In April of 2005, a pregnant woman named “Angele,” decided to abort her 22 week old unborn baby. She was in her 30s, divorced, and already had two children. She did not want a third child.  She chose Orlando Women’s Center, also called EPOC Clinic operated by Dr. James Pendergraft. The abortion clinic’s website advertises “3 minute pain-free abortions.” The Orlando Women’s Center has published newspaper ads offering abortions up to 28 weeks.

Angele had named her baby Rowan.
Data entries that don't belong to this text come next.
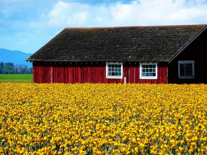 Keywords: daffodils spring flower garden gardening spring flower environment flower garden barn blossom growth nature outdoors bloom colorful season grow field springtime color sky landscape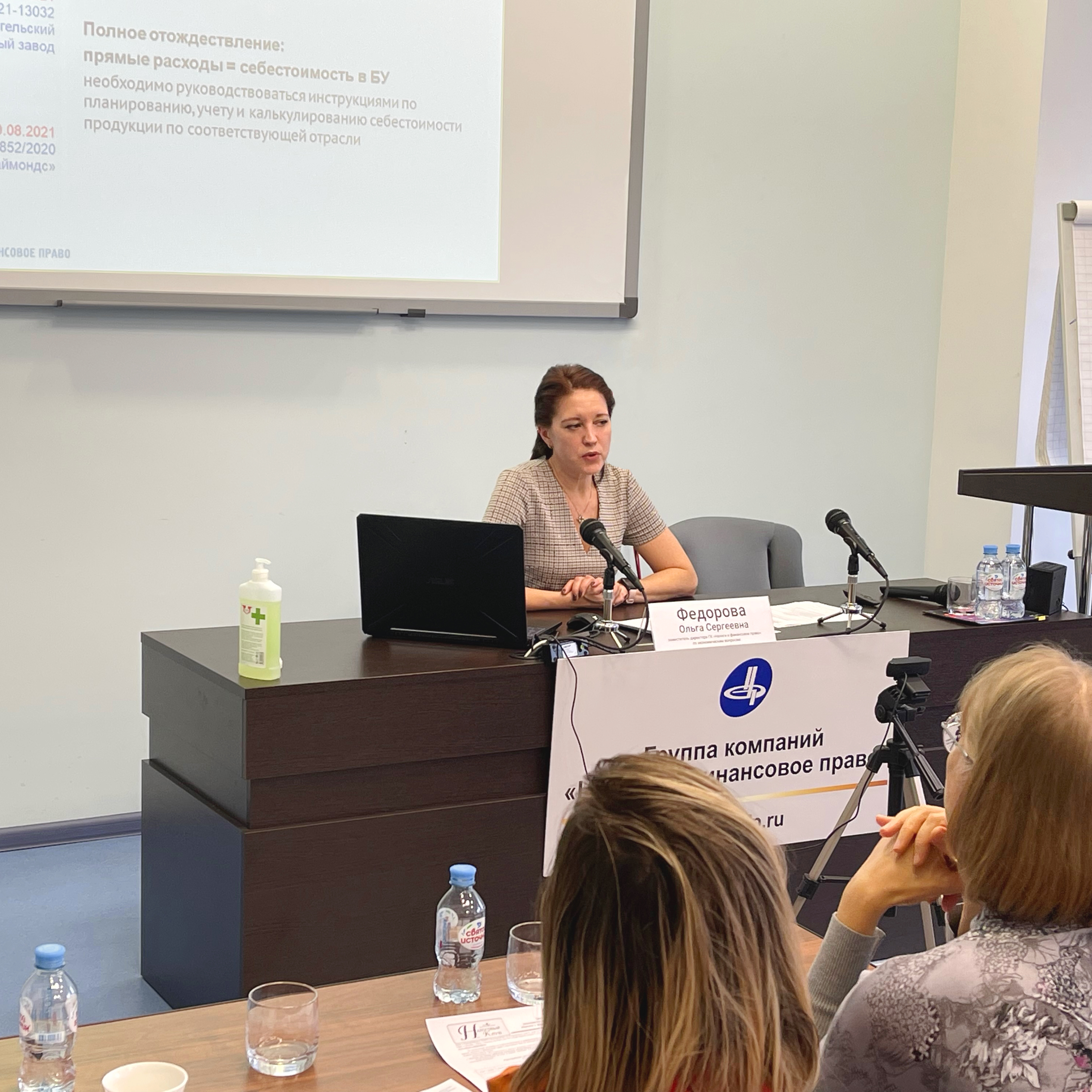 Затем слово взяла Ольга Сергеевна Федорова, заместитель генерального директора по экономическим проектам. Ольга Сергеевна подробно рассказала о новых правилах, изменения в отчетности в 2022 году в части НДС, налога на прибыль и имущество, а также коснулась нововведений в бухгалтерском учете.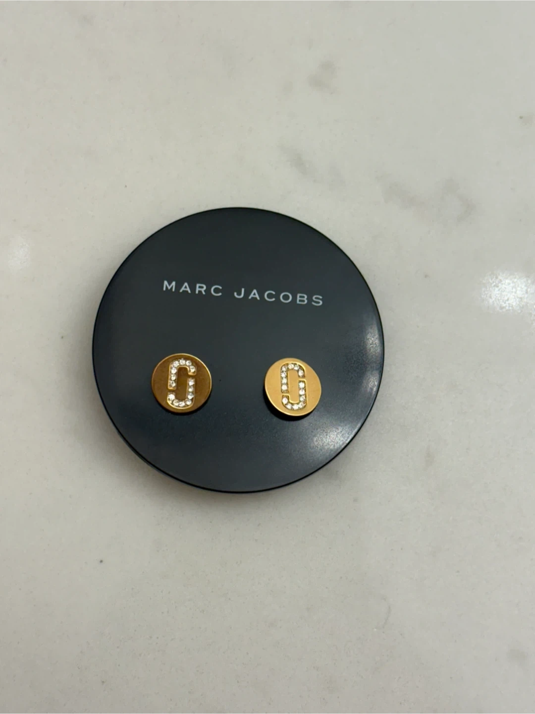 Selling a pair of Marc Jacobs stud earrings. They're gold in colour and feature a 'C' design with small stones. Perfect for adding a bit of sparkle to your everyday look!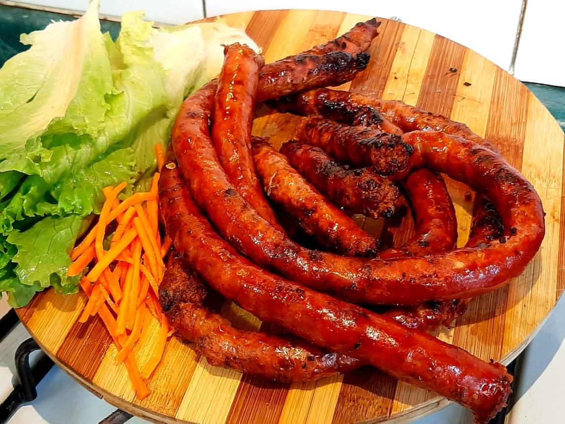 Deliciosa chistorra asada al carbón, acompañada de una porción de 500 gr. de puré de papa, ensalada verde, salsa de la casa y tortillas de maíz.

She chose a method of abortion that she hoped would cause the child a minimum of suffering - an injection of digoxin in the heart to kill him, rather than dismemberment by D&E.

The abortionist first had to insert laminaria, small sticks that expand inside the woman and dilate the cervix, making the abortion procedure easier. Before the insertion of laminaria, Angele was given a sedative. In her own words:

“The injection burned a lot as it went in. … The discomfort was distracting. I still felt the ‘lams’ as they were being inserted. Dr. Perper told me to relax my muscles and noted that my cervix was slightly soft. I asked him what that meant and he said it was good.”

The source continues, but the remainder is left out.